In the entries below, find the line with "O menor preço" and the line with "裏起毛厚手スウェットパンツ レディース 2025秋冬". Print those two and everything between them exactly, and nothing else.

● **RECORDS SHOWN**
━━━━━━━━━━

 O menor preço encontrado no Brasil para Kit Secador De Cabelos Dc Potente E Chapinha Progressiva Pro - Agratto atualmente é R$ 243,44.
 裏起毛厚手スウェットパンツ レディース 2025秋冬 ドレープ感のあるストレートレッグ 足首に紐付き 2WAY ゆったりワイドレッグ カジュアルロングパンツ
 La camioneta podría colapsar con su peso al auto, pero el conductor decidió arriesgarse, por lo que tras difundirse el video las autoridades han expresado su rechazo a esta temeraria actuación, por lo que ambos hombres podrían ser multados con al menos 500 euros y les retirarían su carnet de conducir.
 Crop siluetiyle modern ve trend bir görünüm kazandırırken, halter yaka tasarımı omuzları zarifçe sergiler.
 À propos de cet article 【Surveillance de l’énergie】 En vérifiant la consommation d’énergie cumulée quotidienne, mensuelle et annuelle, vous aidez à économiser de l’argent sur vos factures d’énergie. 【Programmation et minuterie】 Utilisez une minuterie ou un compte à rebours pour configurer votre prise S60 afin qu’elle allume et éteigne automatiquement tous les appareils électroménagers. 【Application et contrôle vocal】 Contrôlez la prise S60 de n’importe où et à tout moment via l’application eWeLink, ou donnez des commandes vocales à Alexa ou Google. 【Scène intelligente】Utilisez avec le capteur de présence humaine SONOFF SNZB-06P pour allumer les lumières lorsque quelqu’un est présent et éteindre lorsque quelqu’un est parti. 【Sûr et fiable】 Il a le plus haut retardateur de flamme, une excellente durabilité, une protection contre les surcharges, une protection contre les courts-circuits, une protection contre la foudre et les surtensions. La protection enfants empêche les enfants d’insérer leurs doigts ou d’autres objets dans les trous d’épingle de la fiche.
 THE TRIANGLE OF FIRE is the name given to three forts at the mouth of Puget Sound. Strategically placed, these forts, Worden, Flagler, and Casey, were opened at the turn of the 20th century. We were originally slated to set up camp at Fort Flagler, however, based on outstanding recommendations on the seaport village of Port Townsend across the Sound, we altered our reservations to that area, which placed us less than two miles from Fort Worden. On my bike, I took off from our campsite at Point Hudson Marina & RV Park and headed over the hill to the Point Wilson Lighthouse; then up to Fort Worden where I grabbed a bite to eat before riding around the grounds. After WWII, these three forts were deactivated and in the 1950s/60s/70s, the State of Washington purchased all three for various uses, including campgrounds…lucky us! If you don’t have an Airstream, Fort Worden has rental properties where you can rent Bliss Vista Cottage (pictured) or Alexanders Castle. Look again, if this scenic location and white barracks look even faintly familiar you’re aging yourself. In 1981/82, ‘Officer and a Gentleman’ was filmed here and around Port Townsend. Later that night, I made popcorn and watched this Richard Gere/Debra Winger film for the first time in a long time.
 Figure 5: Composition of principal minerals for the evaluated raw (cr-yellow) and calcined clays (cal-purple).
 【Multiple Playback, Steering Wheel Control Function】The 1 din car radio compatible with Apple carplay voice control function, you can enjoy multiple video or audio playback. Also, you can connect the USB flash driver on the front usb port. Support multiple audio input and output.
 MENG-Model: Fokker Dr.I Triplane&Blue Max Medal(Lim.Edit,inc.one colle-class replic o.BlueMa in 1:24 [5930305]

━━━━━━━━━━

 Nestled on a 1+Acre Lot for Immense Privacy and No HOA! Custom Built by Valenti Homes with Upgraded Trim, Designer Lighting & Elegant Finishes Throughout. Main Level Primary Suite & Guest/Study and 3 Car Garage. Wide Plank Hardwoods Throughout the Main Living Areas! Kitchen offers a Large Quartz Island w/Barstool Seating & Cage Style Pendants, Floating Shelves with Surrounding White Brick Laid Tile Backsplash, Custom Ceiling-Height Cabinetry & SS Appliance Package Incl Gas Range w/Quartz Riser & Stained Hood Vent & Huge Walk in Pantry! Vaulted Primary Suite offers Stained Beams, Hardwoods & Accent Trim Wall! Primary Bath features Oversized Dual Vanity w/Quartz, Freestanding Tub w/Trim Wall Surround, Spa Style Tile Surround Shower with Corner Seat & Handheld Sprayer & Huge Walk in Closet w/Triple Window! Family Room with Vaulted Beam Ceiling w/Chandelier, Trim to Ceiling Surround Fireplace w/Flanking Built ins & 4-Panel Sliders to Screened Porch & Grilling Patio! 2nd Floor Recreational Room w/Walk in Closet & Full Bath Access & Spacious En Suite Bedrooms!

━━━━━━━━━━

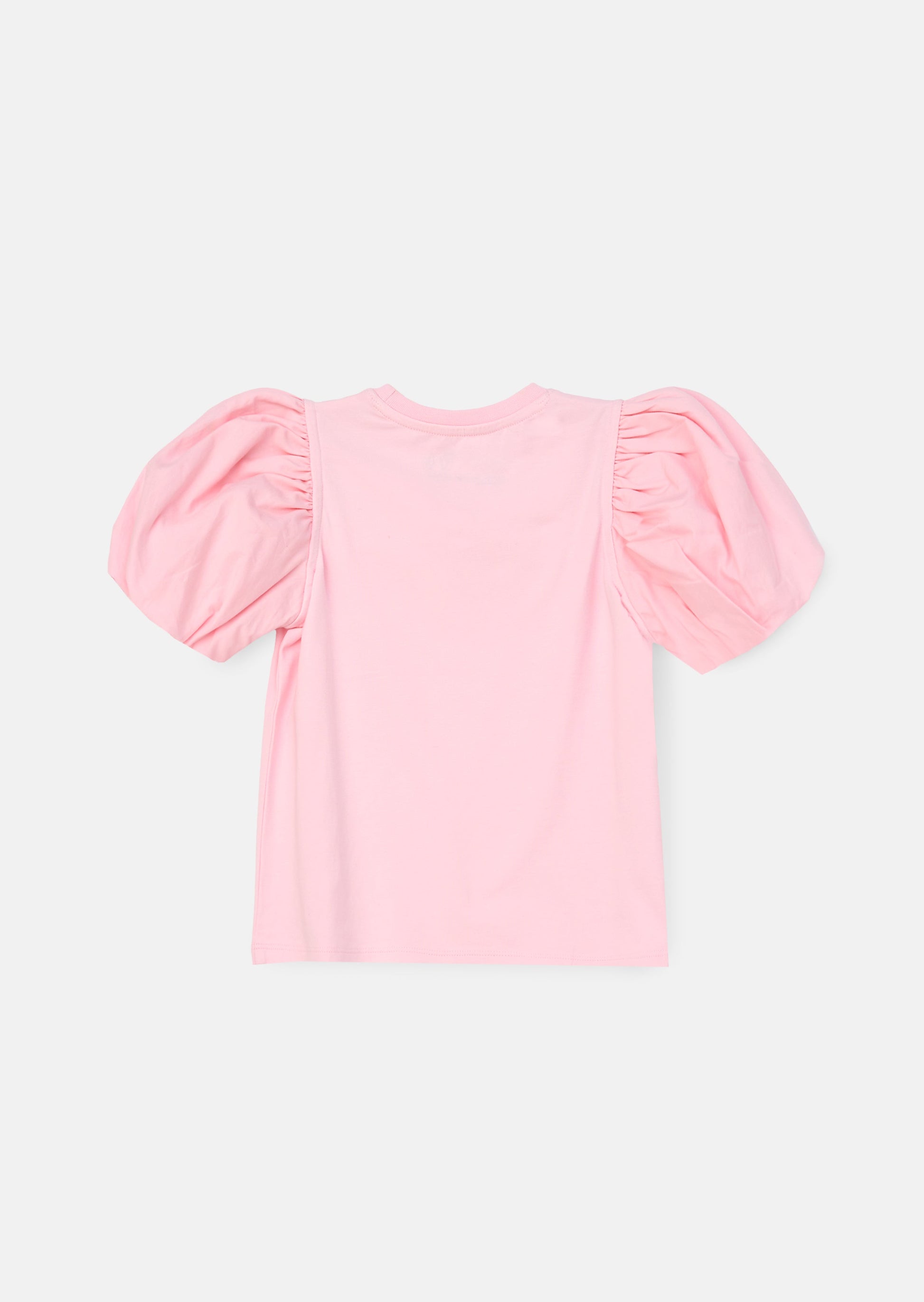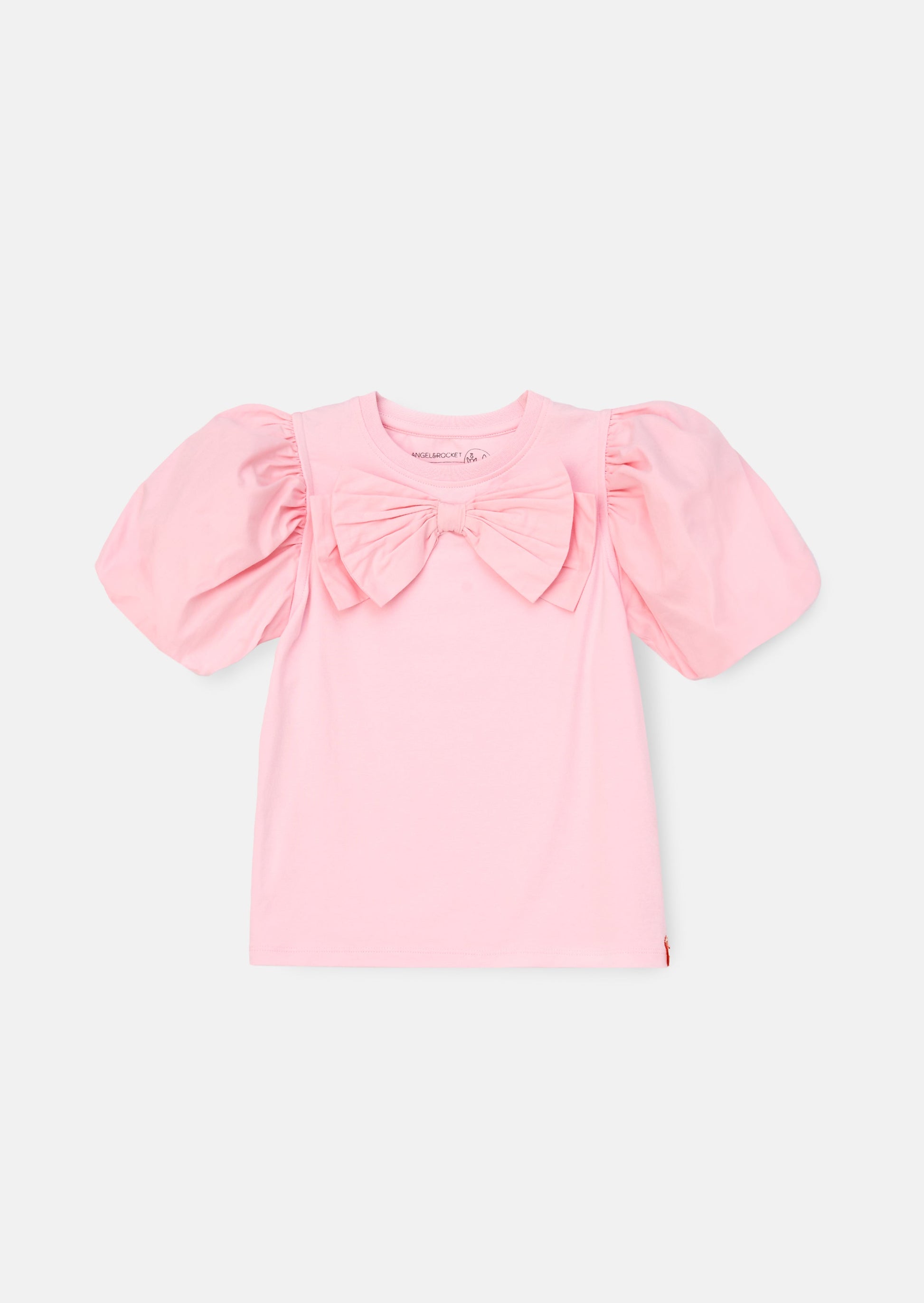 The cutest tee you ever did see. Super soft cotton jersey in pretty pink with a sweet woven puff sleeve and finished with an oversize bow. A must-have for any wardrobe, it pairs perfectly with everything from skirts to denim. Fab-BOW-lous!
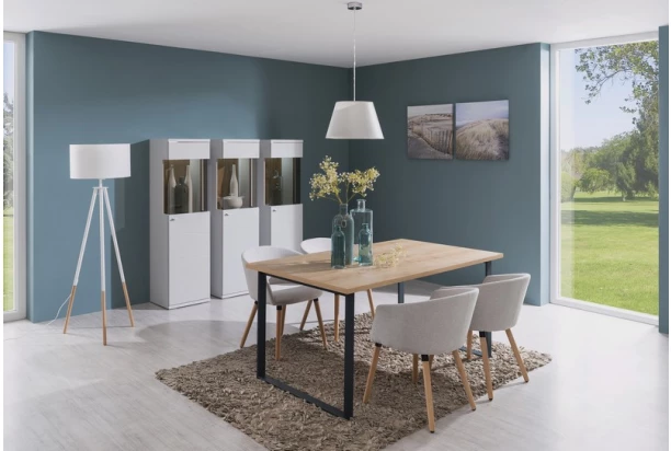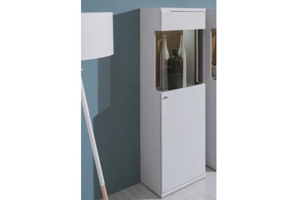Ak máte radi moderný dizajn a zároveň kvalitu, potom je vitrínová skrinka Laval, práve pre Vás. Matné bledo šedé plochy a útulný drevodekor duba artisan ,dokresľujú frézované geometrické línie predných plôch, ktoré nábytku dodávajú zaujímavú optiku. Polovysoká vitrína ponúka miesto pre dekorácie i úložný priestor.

━━━━━━━━━━

● **REPLY TO THE TASK**
 O menor preço encontrado no Brasil para Kit Secador De Cabelos Dc Potente E Chapinha Progressiva Pro - Agratto atualmente é R$ 243,44.
 裏起毛厚手スウェットパンツ レディース 2025秋冬 ドレープ感のあるストレートレッグ 足首に紐付き 2WAY ゆったりワイドレッグ カジュアルロングパンツ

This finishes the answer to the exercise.